YUMENO

2004/12/10 シネカノン試写室
両親を殺した青年に連れ回される女子高生が見たものは……。
実在の事件がモデルになっているそうだ。by K. Hattori

 北海道のとある町で、一家の主婦とその夫が押し入った若い男に惨殺されるという事件が起きた。犯人の男はそのまま部屋に残り、間もなく帰宅した高校生の娘を連れて逃走する……。実際に起きた事件をモデルにしたという鎌田義孝監督作。主演は菜葉菜と小林且弥。途中でふたりに合流する小学生を金井史更。じつはこの映画はこの主演クラスがもっとも無名で、脇役の方が豪華なキャスティングなのだ。女子高生の愛人役で、「間違いない!」で知られるお笑い芸人・長井秀和が出演しているのも見もの。他の出演者も物語にとって重要な人物なのだが、ほとんどの人が短いシーンにからむだけ。これはある意味仕方がない。映画は成り行きで殺人犯になった青年と、彼に拉致された女子高生と小学生の行くあてのない旅を綴るロードムービーなのだから。

 映画は比較的序盤から青年による凄惨な殺人の現場を見せながら、青年がこの行動に至った理由、青年と出くわし連れ回されることになる少女や、途中から旅の同行者となる少年の事情などを語っていく。時間軸や各人各様のエピソードをバラバラにほぐして仕立て直した、なかなか凝った構成になっている。しかし面白いのはこの構成だけで、話の方にはどうしても馴染めない。そもそもこの映画では登場人物の全員が、観客の感情移入を拒むかのようにツッパリ続けている。

 こうした映画では寓意性や暗喩というのが物語のテーマを浮かび上がらせる大きな役目を担うものだが、殺人青年の背中にあるワタリガラスの刺青はともかくとして、少女の青いコンタクトレンズが何を象徴しているのかわかりにくい。逆にこうした象徴性なしに、学校の文集に「普通の大人になりたい」と書いた小学生のキャラクターは比較的面白く仕上がっているのだから皮肉なものだ。

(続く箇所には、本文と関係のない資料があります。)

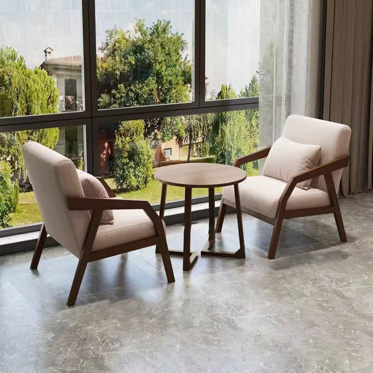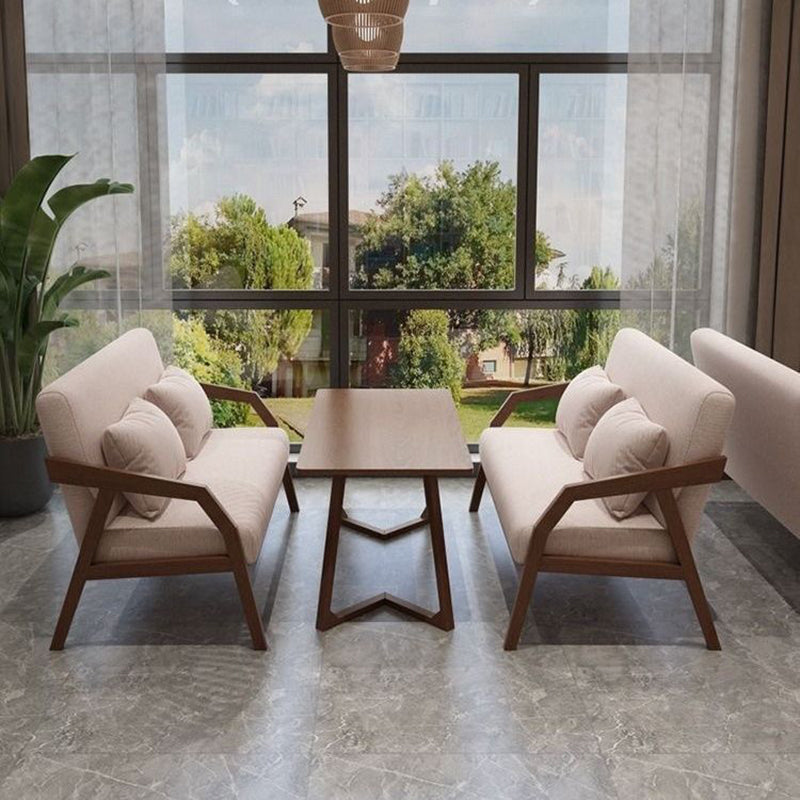 This traditional vintage sofa combines soft fabric upholstery with a sturdy rubberwood frame, offering lasting comfort and stability. Designed with a curved rectangular silhouette, it features supportive backrest and armrests, available in classic beige for an elegant and cozy living room setup.

 そもそも殺人というのは異様な行動だから、そこに明確な目的や意思がなくても構わない。しかし自分の両親を殺した殺人犯に、女子高生がのこのこ付いていくという心理は理解不能だ。こうした行動は他人が合理的に考えた時に理解不能でも、その場のその状況の中では成立してしまう勢いやノリがあるのだと思う。それを映画の中で再現してくれれば、観客は「ああ、バカなことを」とは思っても、「なんでこんなことを」という疑問は持たないだろう。脚本はこのシーンを「なんで逃げなかったんだよ!」「私にもわかんないよ〜」という台詞で済ませているが、場面演出としてこれにどれだけ上積みできるかが演出家としての腕なのではないだろうか。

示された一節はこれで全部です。